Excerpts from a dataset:
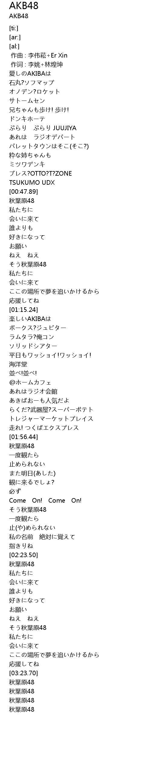 | [01:56.99] | 秋葉原48 |
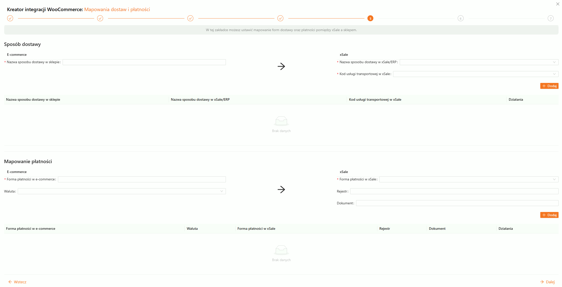 Krok 5. Mapowanie dostaw i płatności
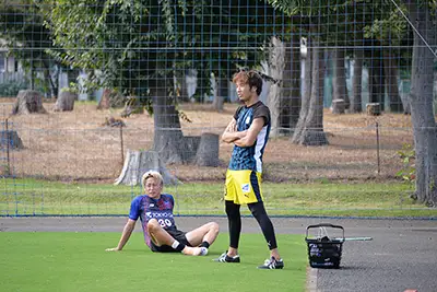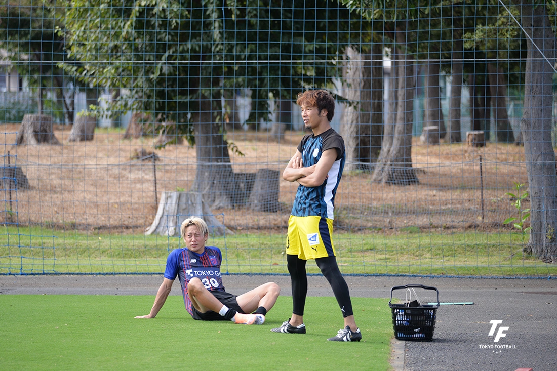 FC東京には武蔵野の10番後藤と専修大学時代にチームメイトだった仲川輝人が在籍。前日のJ1公式戦で出場機会がなかったことからこの日の練習試合出場が実現したが、互いにプレーした時間帯が異なり、ピッチ上での直接対決はならず“ニアミス”に終わってしまった。しかし試合後の談笑は別。引退する後藤の今後についてなど互いの近況について穏やかに話し合った。
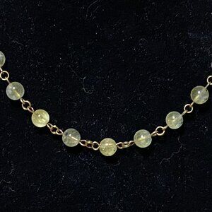 Genuine Yellow Green Prehnite Necklace, Gemstone Bronze Chain Layering Necklace
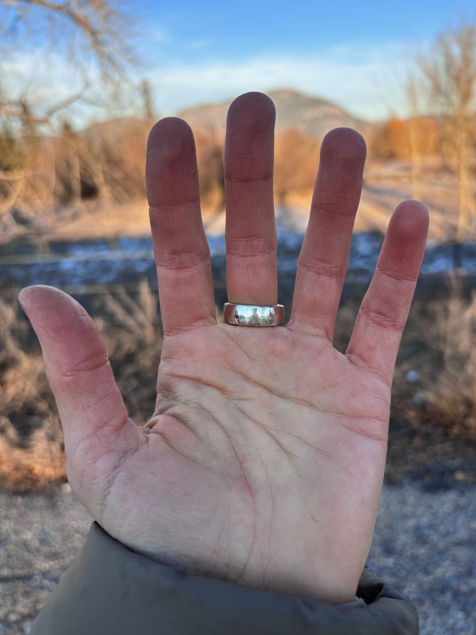 This ring is made through a special method of metalsmithing known as sand casting. A wax mold of the ring was hand carved by me, then placed in sand, removed, and the remaining form was filled with liquid hot sterling silver. The end result is a thick, chunky piece that has no solder joints, and is truly going to stand the test of time.
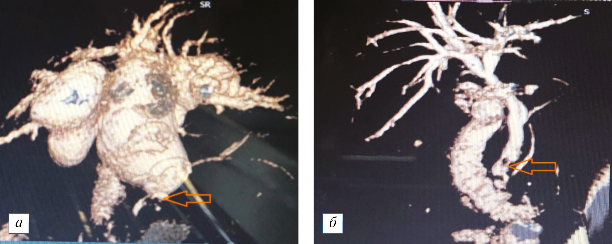 2. Fig. 1. Magnetic resonance cholangiogram, 3D-reconstruction: а — periampular tumor (arrow); б — a concretion in the bile duct (arrow).

# To do
Please repeat the records above exactly, omitting any pictures they contain.

# Expected output
 | [01:56.99] | 秋葉原48 |
 Krok 5. Mapowanie dostaw i płatności
 FC東京には武蔵野の10番後藤と専修大学時代にチームメイトだった仲川輝人が在籍。前日のJ1公式戦で出場機会がなかったことからこの日の練習試合出場が実現したが、互いにプレーした時間帯が異なり、ピッチ上での直接対決はならず“ニアミス”に終わってしまった。しかし試合後の談笑は別。引退する後藤の今後についてなど互いの近況について穏やかに話し合った。
 Genuine Yellow Green Prehnite Necklace, Gemstone Bronze Chain Layering Necklace
 This ring is made through a special method of metalsmithing known as sand casting. A wax mold of the ring was hand carved by me, then placed in sand, removed, and the remaining form was filled with liquid hot sterling silver. The end result is a thick, chunky piece that has no solder joints, and is truly going to stand the test of time.
 2. Fig. 1. Magnetic resonance cholangiogram, 3D-reconstruction: а — periampular tumor (arrow); б — a concretion in the bile duct (arrow).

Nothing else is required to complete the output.